Elasticsearch json logs with filebeat module and ingest pipeline

Hello,

Elasticsearch writes json logs by default in 7.x (thanks!). When configuring Filebeat's Elasticsearch module, I was thinking I could ignore the ingest pipeline part since it's already shipping structured logs, but it looks like there are ingest pipelines specific to the json logs as well. What's the logic in doing parsing at this stage when the logs are already structured and Elasticsearch and Filebeat have full control over field names at the source?

I ask because adding in the ingest pipeline adds a decent amount of complexity. There's a lot more to managing the lifecycle of run once setups like ingest pipelines across beat versions than there is in just doing config management for filebeat configs.

Thanks,
Jeff

2 Likes

I see the json processing for the message is being done in the ingest pipeline so it is pretty critical to ingesting useful logs.

What's the advantage to using filebeat modules for elasticsearch vs just adding the logs as a new filebeat input and doing json decoding at the filebeat layer?

1 Like

I started going down the path of just ingesting without using modules and decoding the json in filebeat. I quickly found out that elasticsearch's json logs can't be decoded by filebeat since the json is multiline. There are also some other oddities like timestamp being used instead of @timestamp.

The good news is it looks like this is being worked on:
https://github.com/elastic/elasticsearch/issues/46119 (timestamp to @timestamp)
https://github.com/elastic/elasticsearch/pull/47105 (removing multiline stacktraces)

Long story short:

  • I'll use the filebeat elasticsearch module and ingest pipeline for now.
  • It is less work (up front and long term maintenance) to just decode proper json logs in filebeat. I'm looking forward to being able to do this after the logs are restructured.

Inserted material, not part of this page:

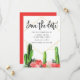 This save the date card with cactus, succulent and floral art is beautiful and trendy! The lovely script and modern lines strikes a perfect balance between elegance and modern design. Simply add your wedding information to this card for a stylish destination wedding or for a touch of the southwest!
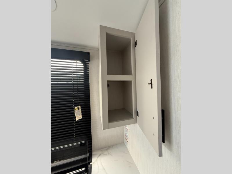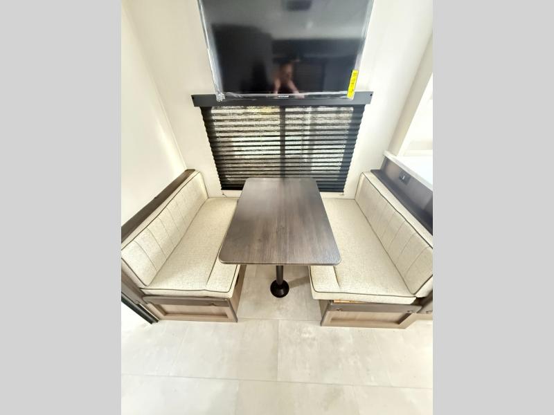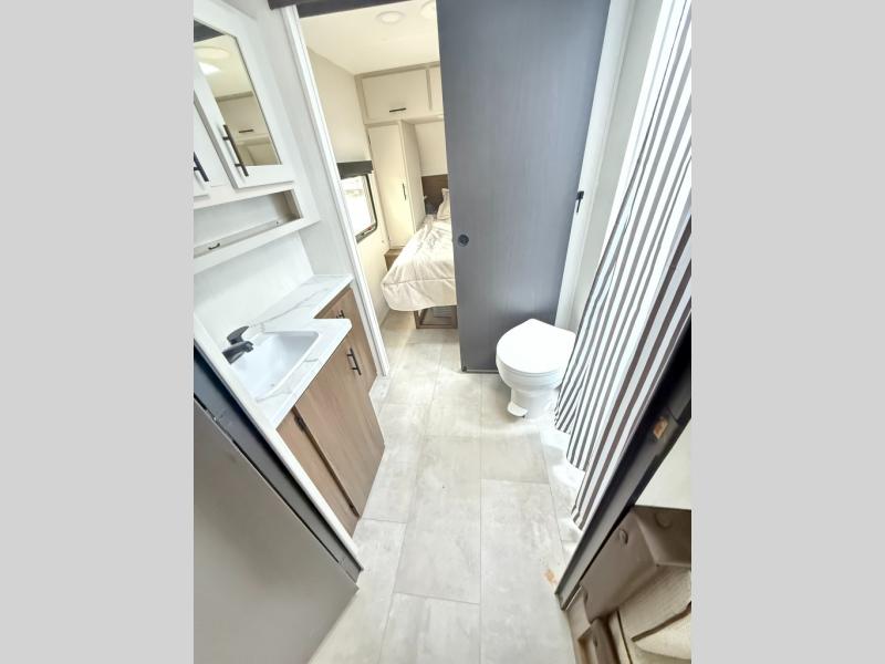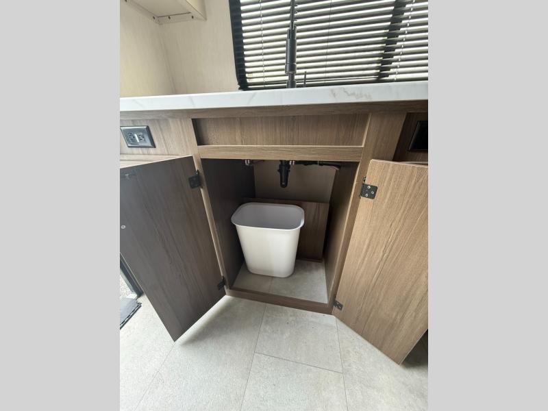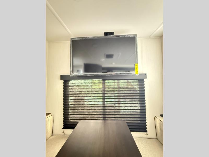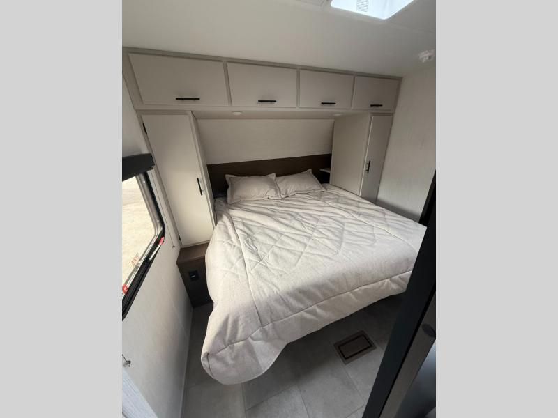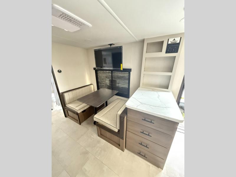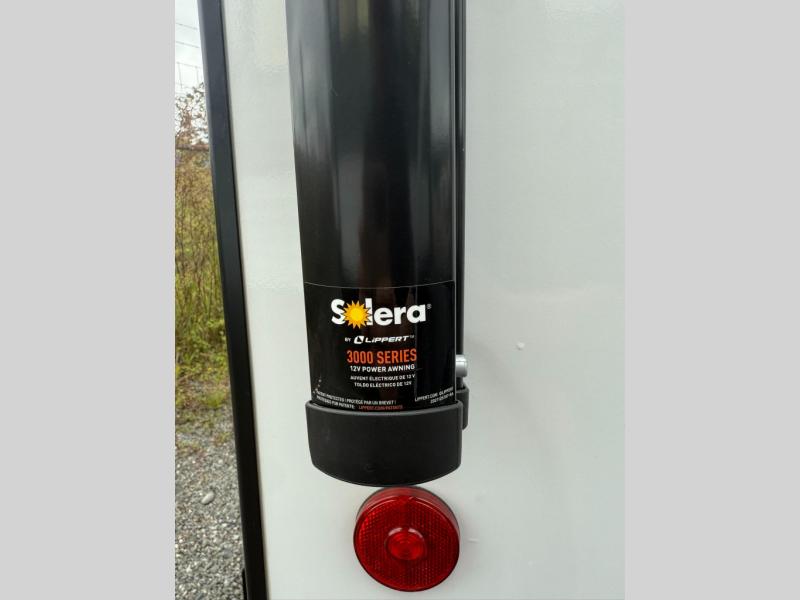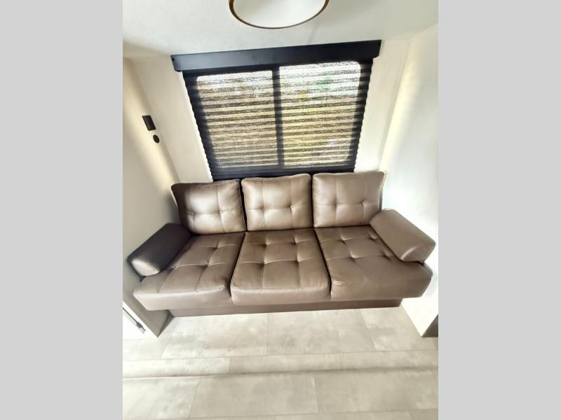 This model is built for easy towing and big adventure. With a tankless water heater, 12 volt refrigerator, and integrated LED awning lights, it combines everyday convenience with camping luxury. Its bunk beds and queen bed setup make it a great fit for families or guests.

I'd still love to hear from some folks on if my assumptions and future plans look good. @pgomulka I'm tagging you here since your name is all over the :Core/Infra/Logging github issues.

Thanks!

1 Like

I decided to stick with doing the decoding in filebeat once I realized I could do multiline json using multiline and the decode_json_fields processor. Here's what I ended up doing. Hope this is useful to others:

- type: log
  paths:
    - /var/log/elasticsearch/*_server.json
    - /var/log/elasticsearch/*_audit.json
    - /var/log/elasticsearch/*_index_search_slowlog.json
    - /var/log/elasticsearch/*_index_indexing_slowlog.json
    - /var/log/elasticsearch/*_deprecation.json
  multiline.pattern: '^{'
  multiline.negate: true
  multiline.match:  after
  processors:
    - decode_json_fields:
        fields: ['message']
        target: ""
        overwrite_keys: true # Required to get the message field populated with the nested message field
        # add_error_key: true # Add this when you upgrade beats to 7.x

  # Add timestamp processor when you upgrade beats to 7.x
  # https://www.elastic.co/guide/en/beats/filebeat/current/processor-timestamp.html

We're still running filebeat 6.x so I added some stubs in there for features available in 7.x. The timestamp one is the big one. Right now the timestamp will reflect when filebeat ingests the log not when the log was generated due to the elasticsearch log using timestamp instead of @timestamp.

1 Like

Hi @jeffspahr,

Indeed, as you've noted, once Elasticsearch generates JSON-formatted logs in ECS format, there won't be much work needed to ingest these logs with Filebeat. Until then, I'd suggest using the elasticsearch module as it's doing a few renames, etc. to make the resulting event structure ECS-compatible (e.g. https://github.com/elastic/beats/blob/master/filebeat/module/elasticsearch/server/ingest/pipeline-json.json). Downstream applications such as the Logs UI or the Stack Monitoring UI in Kibana depend on the ECS structure and the elasticsearch module guarantees that for you. Even if the ES log structure were to change in some way, the module would be updated to account for that, while also remaining backwards compatible. In other words, using the module abstracts away the need for users to understand the Elasticsearch JSON log structure, keep up with any changes to it, and make sure the end result is acceptable to downstream applications mentioned above.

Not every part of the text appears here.